Saturday, 31 March 2018

DARE Rocketry meets Libre Space Foundation!





So last week I went out to the second PocketQube satellite workshop to be held at the TU Delft campus (another picture dump post to be done about the workshop soon). Regular readers (a very select group!) might recall whilst I was out there last year I managed to go and pay a visit to the fabulous DARE rocketry group. Well this year instead of just rocking up I did a few emails and managed to get a visit to the facility arranged for a cohort of people at the workshop. This included my friends and co-conspirators from the Libre Space Foundation . A rather lovely moment occurred when the two respective teams decided it would be a nice idea to exchange mission patches and remove before flight tags. It was fabulous to be the small link that made this possible, but it is also inspiring as these two teams, DARE and LSF represent new and emergent ways in that, to my mind, space is being democratised. LSF have a total commitment to working in the open and out loud using opensource tools and licenses. The welcoming and collaborative approach undertaken by DARE, is evidenced not just by accommodating me but by helping fabulous amateur sub orbital rocketeers Copenhagen Sub-orbitals to test their recovery systems. Both these organisations seem to afford glimpses of a emergent space sector that is freed from military and defence and built more openly on the principles of collaboration.... Sounds good to me.
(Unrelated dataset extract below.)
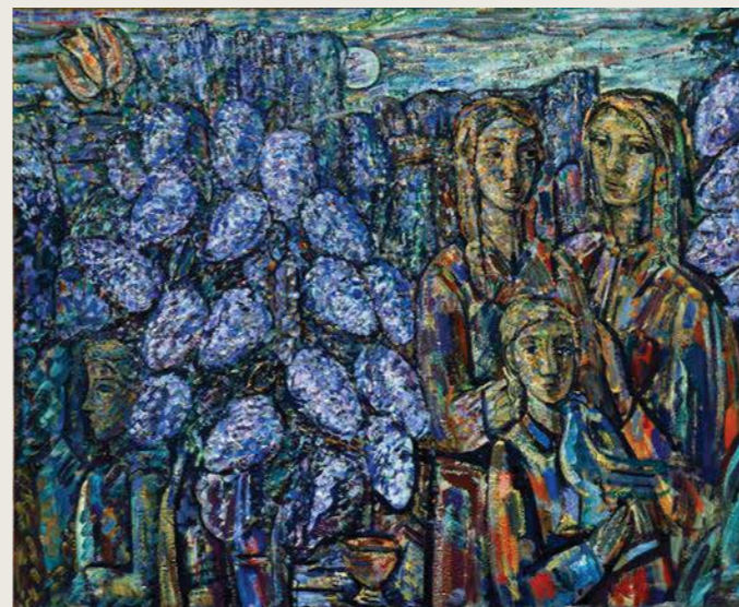
Žydėjimas alyvų. 1975. Drobė, aliejus. 134x162.

Po mirties (1987 m.) apdovanotas Lietuvos valstybine premija.

Masses of thanks/dank je to Jesse and Caspar for organising and hosting an excellent DARE tour.








Tuesday, 20 March 2018

Guild of Makers Launch event... Photos!

So last week I got to go and help out at the guild of makers launch event as it has some strong links to my work with indycube and it was a pleasure to attend! It was held at the amazing new Autodesk facility in Birmingham which as well as a fabulous conference suite also homes an utterly staggering space full of innovation and the highest end machining and metrology stuff! Needless to say I was in heaven! I'm not going to go into masses of detail about the event here but to get a big flavour of the day jump on twitter and checkout the hashtag #GoMlaunch

So here is my curated out of a 100 photos 20 or so photodump! 




























Saturday, 3 March 2018

Quick Arbour Press modification


So a year or so ago I used my arbour press to fit some PEM nuts into some aluminium extrusion for an experiment for someone else and I was reading on the data sheet that really they should be inserted with a specific force. It got me thinking about how useful having some knowledge or control of the force my arbour press exerts would be. I also currently want to test how a couple of different designs of bulkhead react to force and what thickness I need for a particular design. So a quick mod has occurred! Above you can see the press (a 1 ton Clarke I picked up locally second hand a while back)  but the handle you can see is actually my torque wrench connected to the opposite side from where a handle normally is. 


The mod is really simple.. I removed the spindle which raises and lowers the ram and drilled and tapped a hole into the end of it on the lathe I then fitted a steel bolt to the hole. Now I can use the torque wrench with a socket on over the bolt as a handle to apply pressure, with the torque wrench breaking at the force required set on the torque wrench! Its handy in terms of pressing something with a known force but also for testing what force an object will reach its elastic limit with!


Couple of shots of the process for fun! Arbour press spindle in the lathe.

Needed to trim a bolt down to the right length so use my stud clamp I made ages ago on my engineering operations course!

Spindle all drilled and tapped.  So I have seen lots of other mods for arbour presses, I definitely at some point want to drill a hole into the face of the ram and fit a grub screw to allow me to make different tools for the end.. some different punches for example and also perhaps some metal brake type set ups for folding small sections of sheet.